A verbatim copy of the data is wanted, minus any picture in it.
GIVEN INFORMATION below:
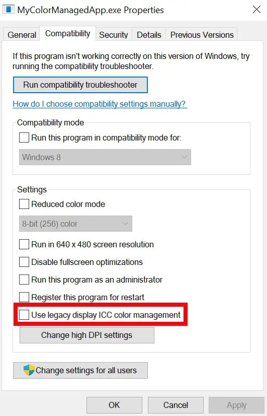 微软表示,用户可以访问此功能来选择在 Windows 上使用哪种颜色管理工具应用程序。这样做有点复杂,需要右键单击并转到应用程序属性和“兼容性”选项卡。在选项卡的“设置”部分,有一个标有“使用旧显示 ICC 颜色管理”的新选项。
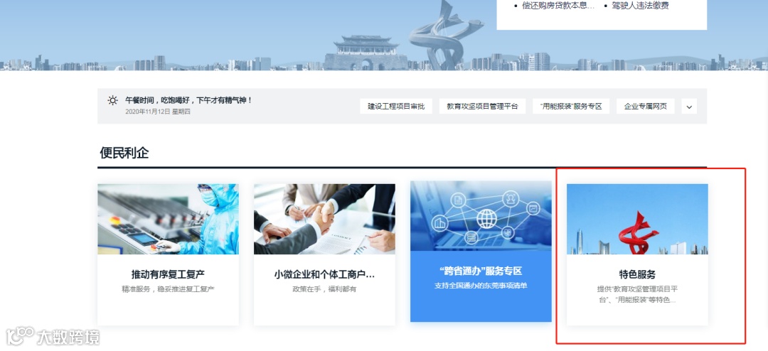 2.在弹出页面点击蓝色“广东政务服务网东莞市”,即可找到“特色服务”板块
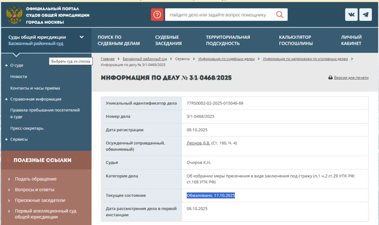 «Обвиняемый — Леонов Д.В. (ст.160 ч.4). Категория дела — об избрании меры пресечения в виде заключения под стражу. История состояний — обжаловано», — сообщается на сайте районного суда Москвы. Жалоба от бывшего заместителя главного пристава Курганской области на арест поступила 17 октября.
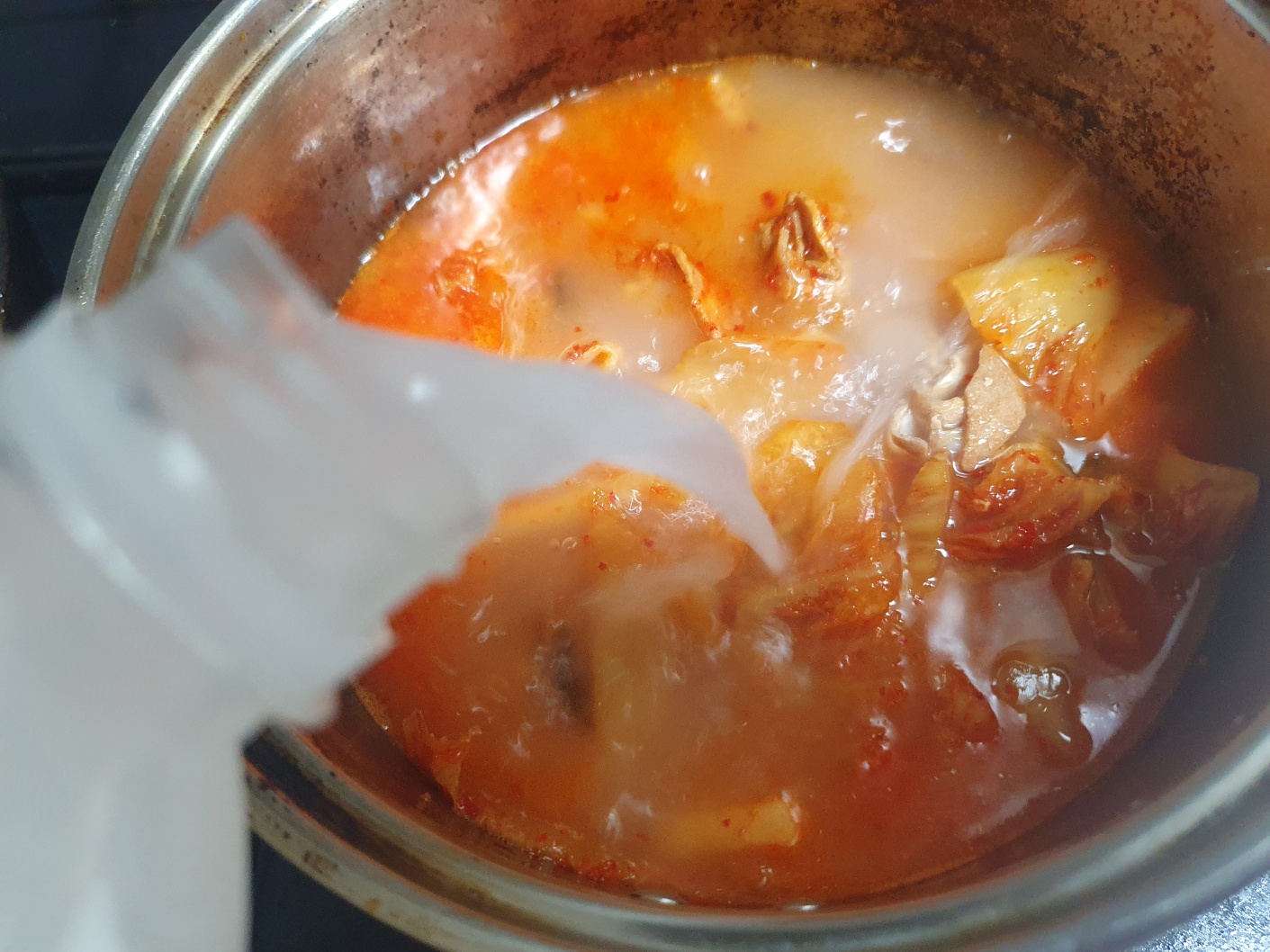 나는 김치찌개의 재료가 다 잠길 수 있을 만큼 넣었으니 참고하시길..
End of GIVEN INFORMATION.
▶ **EXERCISE RESULT**:
 微软表示,用户可以访问此功能来选择在 Windows 上使用哪种颜色管理工具应用程序。这样做有点复杂,需要右键单击并转到应用程序属性和“兼容性”选项卡。在选项卡的“设置”部分,有一个标有“使用旧显示 ICC 颜色管理”的新选项。
 2.在弹出页面点击蓝色“广东政务服务网东莞市”,即可找到“特色服务”板块
 «Обвиняемый — Леонов Д.В. (ст.160 ч.4). Категория дела — об избрании меры пресечения в виде заключения под стражу. История состояний — обжаловано», — сообщается на сайте районного суда Москвы. Жалоба от бывшего заместителя главного пристава Курганской области на арест поступила 17 октября.
 나는 김치찌개의 재료가 다 잠길 수 있을 만큼 넣었으니 참고하시길..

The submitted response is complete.